LA Clippers owner Donald Sterling is a devout racist. Mozilla CEO Brendan Eich is firmly committed to denying gay rights. Sterling will be forced to sell his team and pay a $2.5 million fine for making remarks incompatible with the racially progressive culture of the NBA. Likewise, Eich was forced to resign last month after it emerged that he had donated to Proposition 8, a 2008 Californian proposal to ban gay marriage.

These controversies exemplify how social and economic pressure can be applied to eliminate hurtful and outmoded prejudice. But like so many repellent human beings, Sterling and Eich also raise some difficult questions about freedom of speech, and freedom of thought.

The exercise of free speech is always accompanied by the prospect of ridicule, boycotts, and ostracism. Ideally, that is how freedom of speech works – how unpalatable ideas are tested and moderated. Speakers who embrace cruel or hateful ideas are sanctioned for expressing those ideas, and both Mozilla and the NBA have been praised for their strident reprisals.

Yet what Sterling and Eich committed were not acts of public expression. They have been sanctioned merely for holding an idea, and for entertaining a thought.

Sterling, for instance, made his comments in conversation with a mistress. They were surreptitiously recorded, and leaked without consent to the press. No one cared to inquire whether his opinions manifested themselves in racist management or racial abuse. In his dealings with the NBA, there is nothing to suggest that they did. It was enough that Sterling merely held racist thoughts.

Oddly, however, Sterling escaped a string of discrimination lawsuits between 2003 and 2006 with his reputation unscathed. Former tenants and the Department of Justice tendered compelling evidence alleging that Sterling – a wealthy landlord among other things – discriminated against African-Americans, Hispanics, welfare recipients, and parents. He concluded a settlement described by a District Court judge as “one of the largest in this type of case”. Yet the litigation was all but forgotten. Only an unverified recording would bring him down, containing nothing more than the unbalanced ramblings of an old, institutionalised white man.

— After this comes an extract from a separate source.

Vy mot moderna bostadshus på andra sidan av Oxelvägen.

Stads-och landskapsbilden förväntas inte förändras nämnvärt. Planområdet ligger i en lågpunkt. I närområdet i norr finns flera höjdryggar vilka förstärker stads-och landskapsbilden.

Likewise, consider Eich. By all accounts, he supported an inclusive work environment at Mozilla. His $1,000 donation to the $39 million Proposition 8 campaign was paltry. He never sought to use his name, the Mozilla brand, or company resources to advance the cause. At the time, President Obama shared his belief. Yet privately supporting the legislation was enough to compel Eich into ignominious retirement six years later.

Eich should have anticipated California’s campaign finance disclosure laws. They are exceptionally transparent. Australia, by comparison, only identifies individuals who donate more than $12,000. But Eich hardly intended his donation to be a public expression of his beliefs, nor an invitation to engage in public debate. Likewise, Sterling did not intend that his comment would become a matter of public record.

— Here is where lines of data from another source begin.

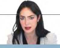
THE ΔΟΜΝΑΣ ΜΙΧΑΗΛΙΔΟΥ

Η επιστολή-έκκληση της ΠΟΕΔΗΝ προς το υπουργείο Δικαιοσύνης για να σταματήσουν οι εισαγωγικές εντολές που στέλνουν παιδιά σε νοσοκομεία επ' άοριστον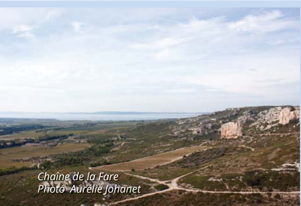
Chaîne de la Fare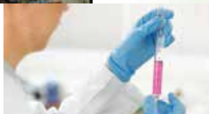
<洗浄液の研究開発>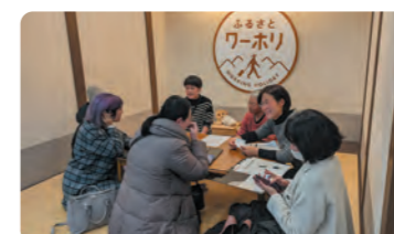
来場者との座談会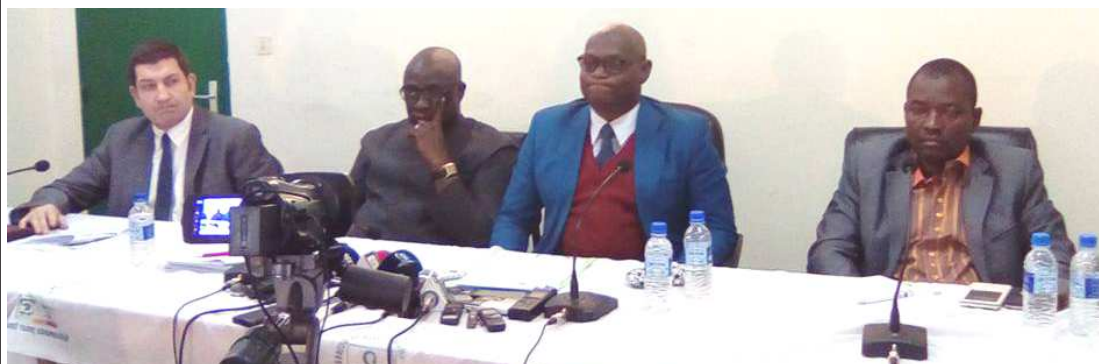
Le directeur de la Pharmacie centrale a annoncé l'événement le 25 février.

Conakry abritera de ce mercredi 1er à ce vendredi 3 mars la 19e assemblée générale de l'Association africaine des centrales d'achats de médicaments essentiels (Acame) et les 2es journées pharmaceutiques de Guinée (Jpg). Durant ces jours, les panelistes venus d'Afrique et de France,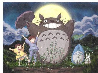
MEIN NACHBAR TOTORO (TONARI NO TOTORO) Regie: Hayao Miyazaki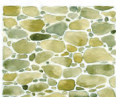
Appareillage de gros et petits moellons non assisés, non équarris et montés au mortier de chaux et sable.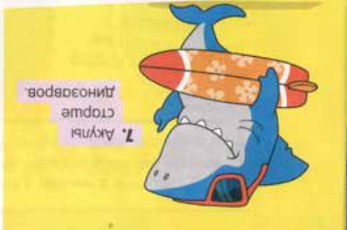
7. Акулы стареют тишегов.

Certainly, they hold objectionable ideas. It is reasonable to expect that ideas likely to hurt or offend others will remain unspoken; if an errant thinker chooses to express those ideas, they rightly expose themselves to public censure, or even legal penalties.

Yet even if the bigots and Bolts of the world are expected to speak guardedly, they should not be expected to think guardedly. Individuals are entitled to hold opinions free from the threat of social coercion. That is the primary function of secret ballots, after all. There is a fine line between convincing people that an idea is repulsive, and compelling them not to hold an idea at all.